Every database query starts as a string. Small queries stay readable. But the moment you add optional filters, pagination, sorting, and joins, string concatenation turns your code into an unreadable mess of if statements and f-strings. One missed space, one misplaced comma, and the query breaks.

QueryBuilder solves this. It gives you a fluent, chainable API that assembles SQL for you. You describe what you want — columns, conditions, joins, ordering — and QueryBuilder produces the correct SQL string with properly separated parameters. No concatenation. No injection risk. No debugging whitespace.


1. The Factory: from_table()

Every QueryBuilder chain starts with from_table().

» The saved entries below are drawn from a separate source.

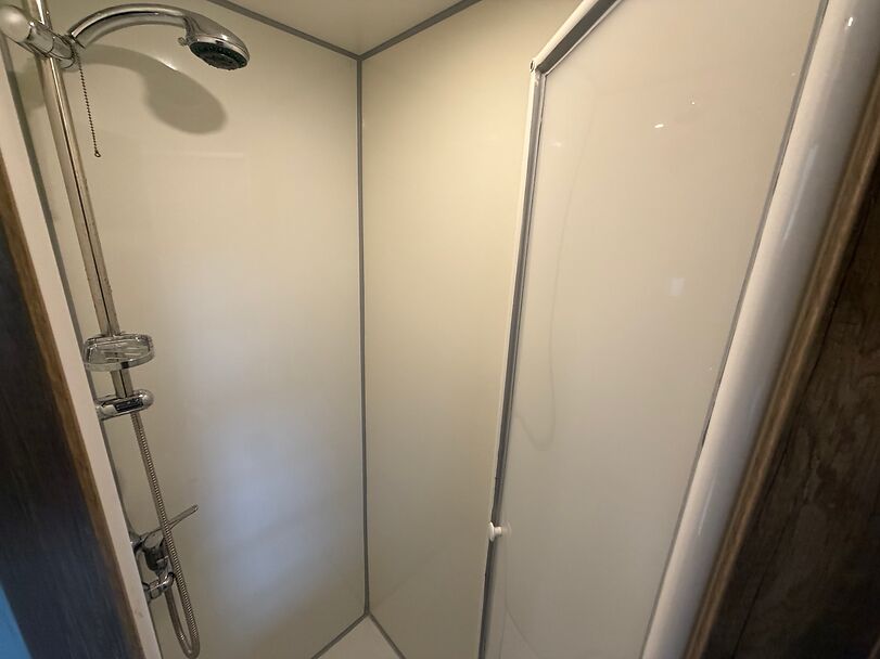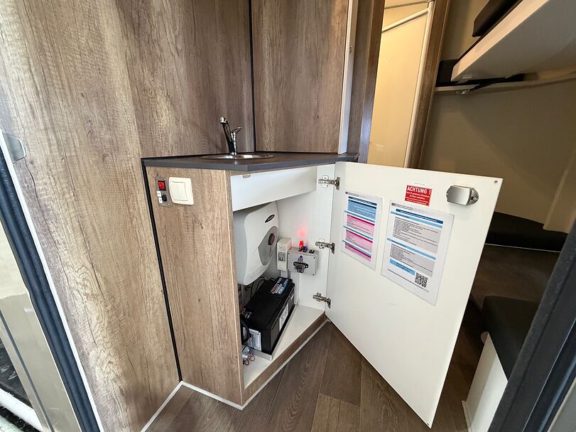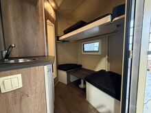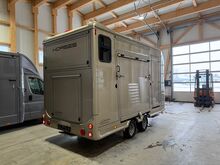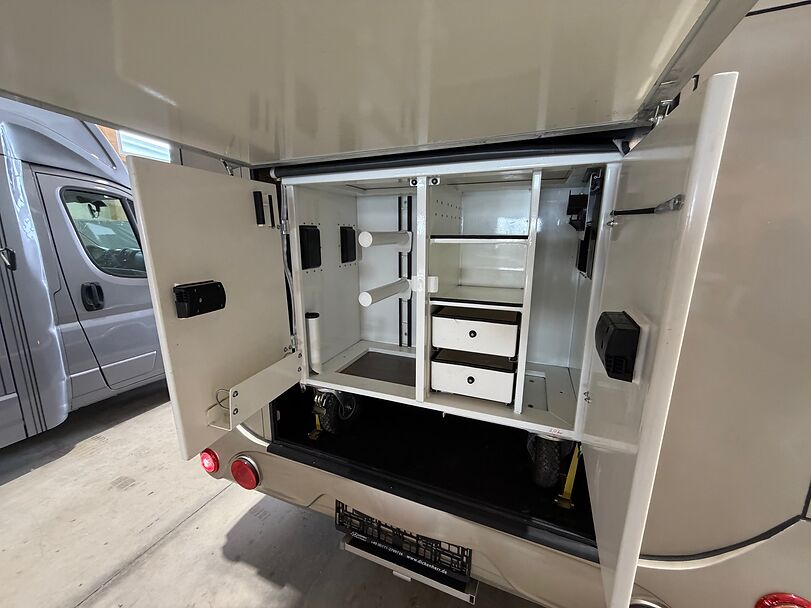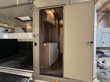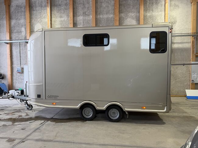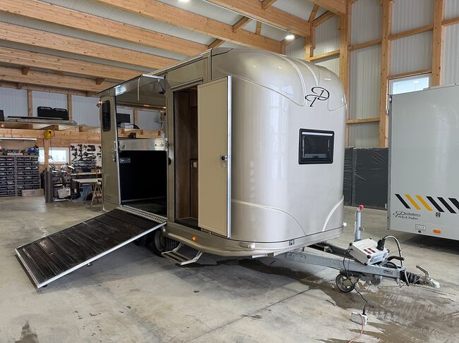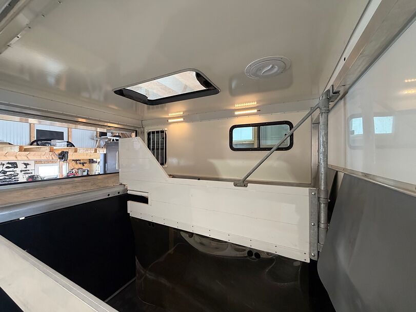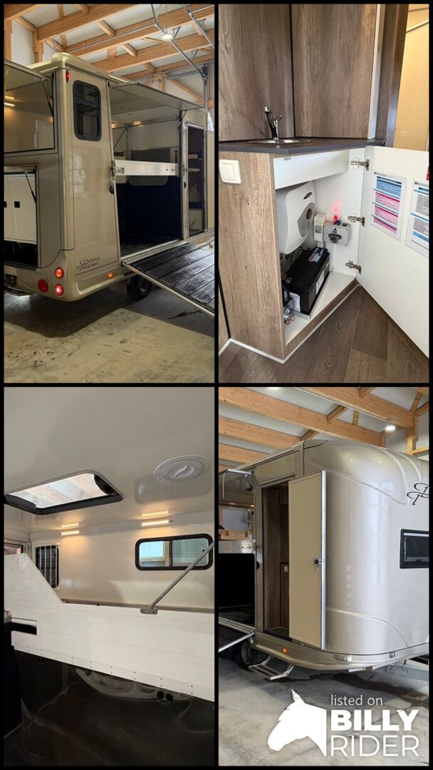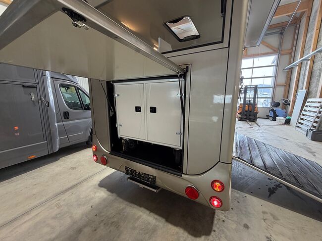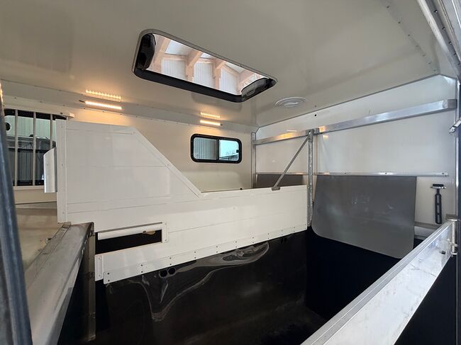 Golvkonstruktion av aluminiumprofiler med limmade på ett höghållfast gummigolv, 30 mm tjocka, helt isolerade sido- och takpaneler, aerodynamisk frontdesign Låsbar sidodörr till höger med fällbart fotsteg, bodel med sittgrupp, två sovplatser, dusch, pentry, mikrovågsugn, kylskåp, diskho, LED-belysning, 12V-batteri inkl. laddare, värmepanna, 12V-vattenpump. Sidoramp med ventilationslucka ovanför, 2 nedfällbara fönster vid hästhuvudet, ytterligare ett längsgående skjutfönster, stor taklucka, elektrisk takventilation kan kopplas från bodelen, mittvägg med transparent gardin, fodertråg vid hästhuvudet, planka vid rampen, stor lucka baktill på vagnen, perfekt för dagsturer. Stor lucka undertill för att använda det mobila sadelskåpet, som enkelt kan lastas via sidorampen genom en dörr under fodertråget.
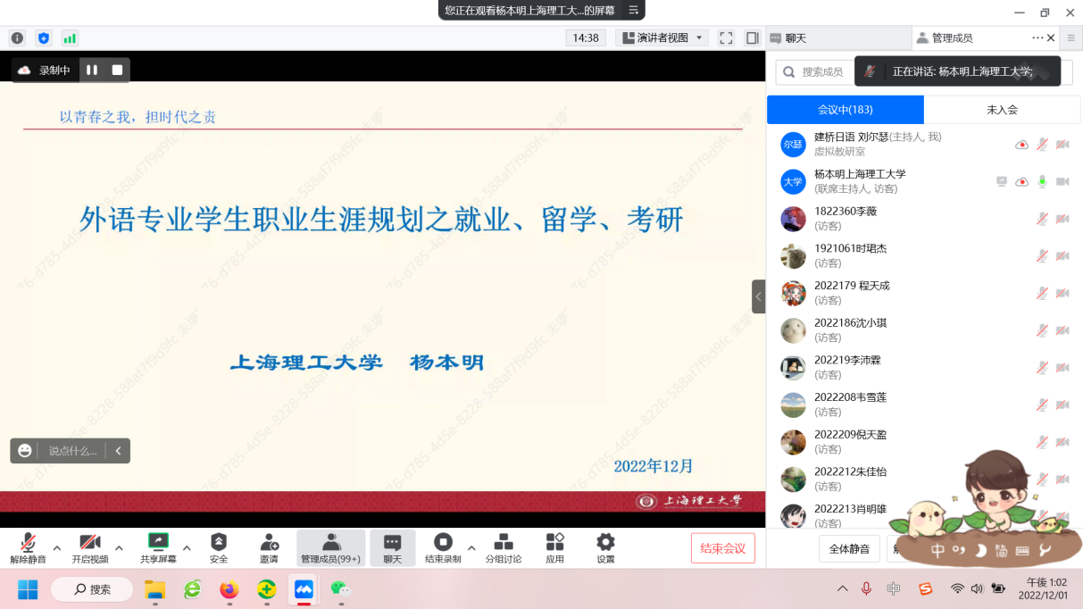 2022年12月1日(周四)下午13:00-14:30,外国语学院日语系有幸邀请到上海理工大学外语学院MTI教育中心副主任、上海理工大学青年五四奖章获得者、第三届第四届“儒易杯”中华文化国际翻译大赛评审专家、教育部学位中心论文评审专家杨本明副教授,为我校外国语学院日语系19级、20级、21级约210名同学进行了题为“外语专业学生职业生涯规划之就业、留学、考研”的学术讲座。本次讲座由外国语学院与科研处共同举办,由日语系主任刘尔瑟老师主持。日语系张雪娜副教授、刘雪飞副教授及其他青年教师一同参加了本次讲座。杨本明副教授首先介绍了我国近二十年的出生人口与高考录取人数、近年全国的研究生报考人数与录取人数以及上海地区的研究生报考人数和录取比率,并且系统地介绍了日语专业的学术硕士和专业硕士的备考方法、复习要点以及注意事项。杨教授还利用微信群,慷慨地与同学们分享他了多年积累的各类日语专业考研复习资料,同学们反响热烈。杨教授表示,在一些国家级、省部级的日语学科竞赛中也会看到上海建桥学院日语系学生的身影,说明建桥日语专业的同学综合能力还是比较强的,完全可以通过本科期间两三年的努力,跳起来去试着报考一些98
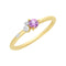 Experience the stunning combination of peridot and pink sapphire with our 9ct yellow gold dress ring. The pear shaped peridot stone is elegantly secured in a 3 claw setting, while the round pink sapphire sits in a 4 claw setting. The wave-like detail on the band adds a unique touch to this timeless piece.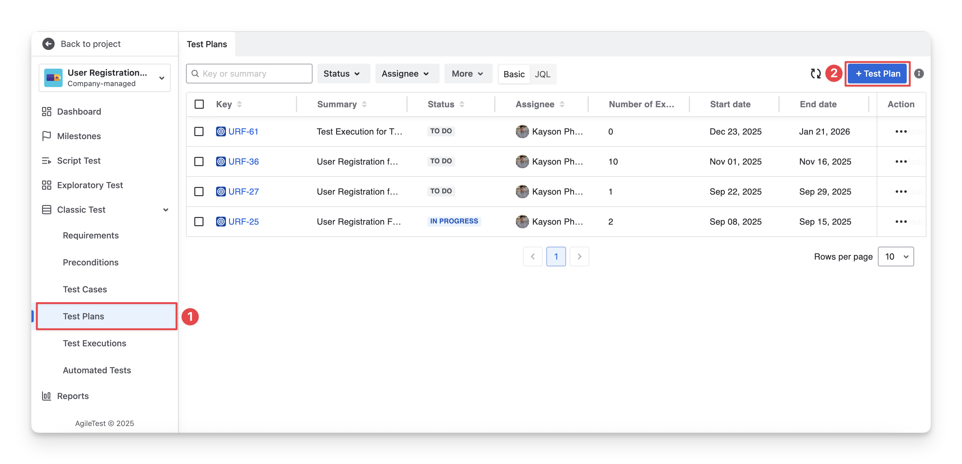 Click on the “+ Test Plan” button.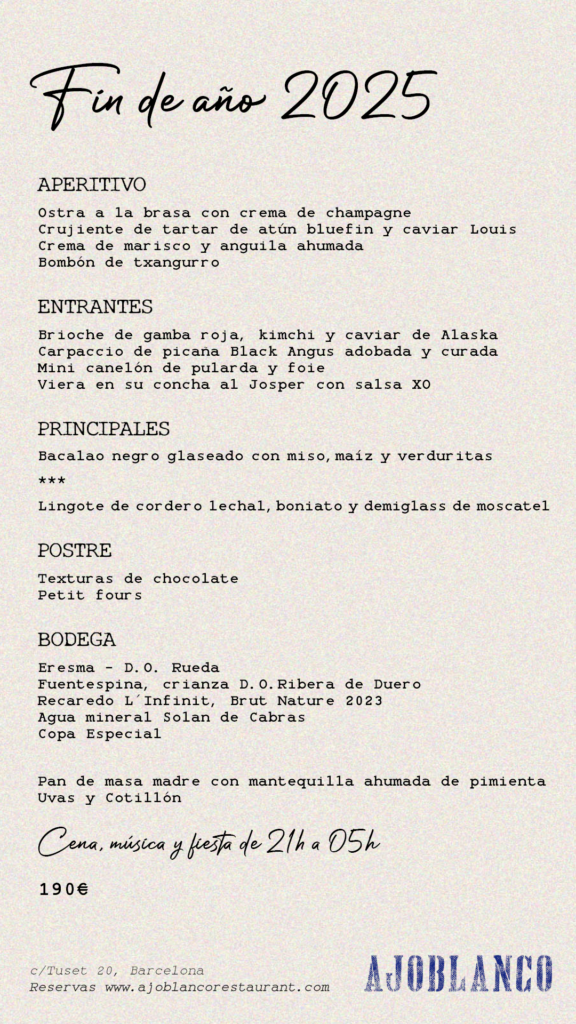 ¡2026 empiézalo en el Ajo Tenemos preparada una Nochevieja memorable. Una propuesta gastronómica completa, cuidada al detalle y pensada para celebrar por todo lo alto. Incluye una selección de vinos y cava, una copa, uvas de la suerte y cotillón.

It takes a table name and an optional database connection.

python
from tina4_python.query_builder import QueryBuilder

qb = QueryBuilder.from_table("users", db)

The first argument is the table name. The second is your database connection — the same Database object you use everywhere else. If you omit the database, QueryBuilder will fall back to the global ORM database (set via orm_bind()). If neither exists, it raises a RuntimeError when you try to execute.

from_table() returns a fresh QueryBuilder instance. Every method you call on it returns the same instance, so you can chain.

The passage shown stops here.